Governance will be of critical focus with examinations of the impact on public service labour force, increased burdens on emergency and response services, increased burdens on essential/utility services, and the logistical weaknesses from the lack of public services and other virtual/ home-based delivery of government. Wrapped in this are issues of critical Infrastructure, impacted by the lack of staff due to illness or lockdown, or the lack of resources to run critical infrastructure such as energy services and production of equipment. A focus on business and the economy will be critical, focusing on the hardest hit sectors especially those dependent on movement and face-to-face engagement, including tourism, hospitality, transportation and retail. A key area here will be the informal and small business sectors, devastated by the lack of contingency and resources. From the economy we move to employment and livelihoods, focusing on the most critically affected sectors, furloughs, redundancies, job losses, fear of investment in present and future human resources. And finally, to the lives of people and communities, looking at household income and food security, and particularly through the lens of outbreaks and the challenge of high-density living, the inability to social distance, the lack of washing facilities, and the inability to work virtually.

Much of this work will be constructed using existing data drawn from across different sectors and disciplines. Employment data, economic data, food security and vulnerability data and much more built alongside projections from pandemic and health outbreak data experts. An adapted platform would sit at the centre; open-source capable of model scrutiny, usable by both public and private institutions and capable of merging new data from many sources.

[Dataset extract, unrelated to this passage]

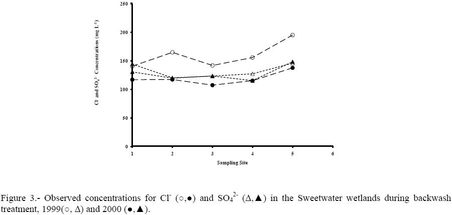 Chloride is considered highly stable in most terrestrial environments. In wetlands, its total mass is approximately constant (Kadlec and Knight, 1996) because its incorporation in plant tissues is negligible (Hayashi et al., 1998). Consequently, C1- has been used as a conservative tracer to estimate evapotranspiration in wetland ecosystems (Hayashi et al, 1998). In the 3-ha polishing wetland, evapotranspiration may be a suitable mechanism for Cl" augmentation during both backwash sampling periods when water flow rate was below 0.42-m3 min-1. Concentrations of C1- at both ends of the polishing wetland increased 25 and 19 % during backwash operation, before and after vegetation removal, respectively. ANOVA analysis indicated that only in 1999 was there a significant (p<0.05) statistical difference between inflow and outflow concentration from the 3-ha wetland cell. Sulfate is an essential nutrient for plants; thus, it can be retained by plant uptake in terrestrial environments; however, it is rarely a limiting factor for plant growth in wetlands (Kadlec and Knight, 1996). Its presence in high organic content environments induces production of hydrogen sulfide because SO4-2 is an electron acceptor for sulfur-reducing bacteria (Maier, 2000). This microbiological mechanism probably was responsible for reduction of SO42- in the settling basin, mainly observed during 1999 backwash water treatment. Similar to Cl", an increase of SO4 2- concentration occurred at the outflow of the wetland.

Firstly, it will bring and knowledge of the risks of health outbreaks and their consequences to the table of decision makers giving countries understanding of likely future scenarios and allowing better risk-informed decisions. Secondly it would provide countries with a clearer idea of the most vulnerable sectors across society and the economy and a clearer idea therefore of how to prioritise scarce resources. Thirdly, the knowledge of the potential future scenarios would provide a better understanding of the impact of health outbreaks on everything from country economics through to family household budgets, allowing a clearer understanding of what aspects or slices of society are most vulnerable. Fourthly, modelling of secondary impacts can help the insurance industry with a better understanding of the secondary impact of outbreaks giving them the necessary data, information and analysis to build better and smarter products. And finally, through the embedding of risk knowledge and scenarios into development financing, countries will be in a stronger position to prepare financially for the outbreak, developing contingency measures, financing risk, and readiness to recover.

UNDP is already planning to work with partners to do this in 20 critical countries over the next five years. We’re bringing together a multi-disciplinary team to work this out with us, from governments, the insurance industry and academia. But this is just the start—there is much more to do.

Without work such as this the global community is very likely to relive these events, again and again.